Vince Hernandez has worked in the comic book industry for over fifteen years and is currently the Editor-in-Chief for Aspen Comics. He has created and written the comic book series Charismagic, Trish Out of Water and the upcoming Damsels in Excess. He also has worked as a writer for Electronic Arts, Def Jam Entertainment and Marvel Comics.
What made you decide to work in the medium of comics?
Actually, working in comics happened rather coincidentally for myself. When I was eighteen years old, I was looking to take on a second job and my brother mentioned a position that was available with the comic book publisher, Top Cow. Since he was already employed there, I certainly had a great start and after interviewing there, I became the assistant to the Director of Marketing, Kate Sherwood. I worked at Top Cow for four years before I took the position with Aspen where I’ve been Editor-in-Chief for the past decade. It’s not the usual route to get into comics but I certainly think I’ve made the most of the opportunities I’ve been presented with.
What part of the process is the most challenging or frustrating to you?
Editing comics in general is a very demanding and oftentimes frustrating position. It encompasses scheduling, talent management and crisis control while also maintaining a professional level of creativity necessary to make a product fans will enjoy. I think if I had to pinpoint one aspect which usually ends up more frustrating than any other, it’s dealing with talent’s schedules and their understanding of meeting a deadline. I can literally name off the small list of creatives that understand this process. The more frequent response I get from artists is that the quality of their work will suffer if they rush, which I have found is little more than an excuse because they can’t meet a deadline.

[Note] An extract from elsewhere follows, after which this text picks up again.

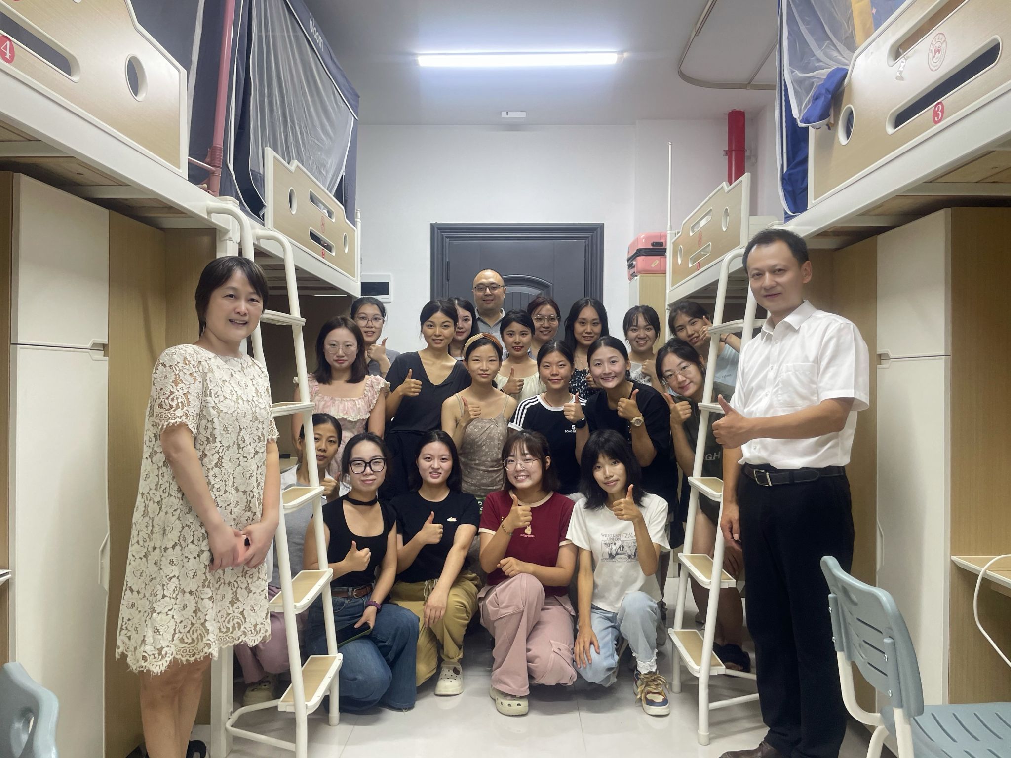 夜幕降临,沈敏带队走访员工宿舍,看望慰问新生。每到一处,沈敏都细致察看了宿舍内配套设施情况,并亲切地与新生进行交谈,询问他们的适应情况、生活需求及未来规划,耐心解答了他们关于专业学习、校园生活等方面的疑问。他还鼓励新生要认真做好新学期规划,以积极进取的态度迎接人生新阶段。

If you could give one piece of advice to an aspiring comics creator, what would that be?
One thing I would tell aspiring comics creators is to be realistic with their work. This is a broad tip of advice, but it’s something that a lot of aspiring artists and writers haven’t yet learned. Realistically look at what professionals are doing and judge your work accordingly. There’s no shame in admitting that you’re not on the level yet, but there are consequences when you put yourself out there prematurely. It marks you as an amateur before your career even begins.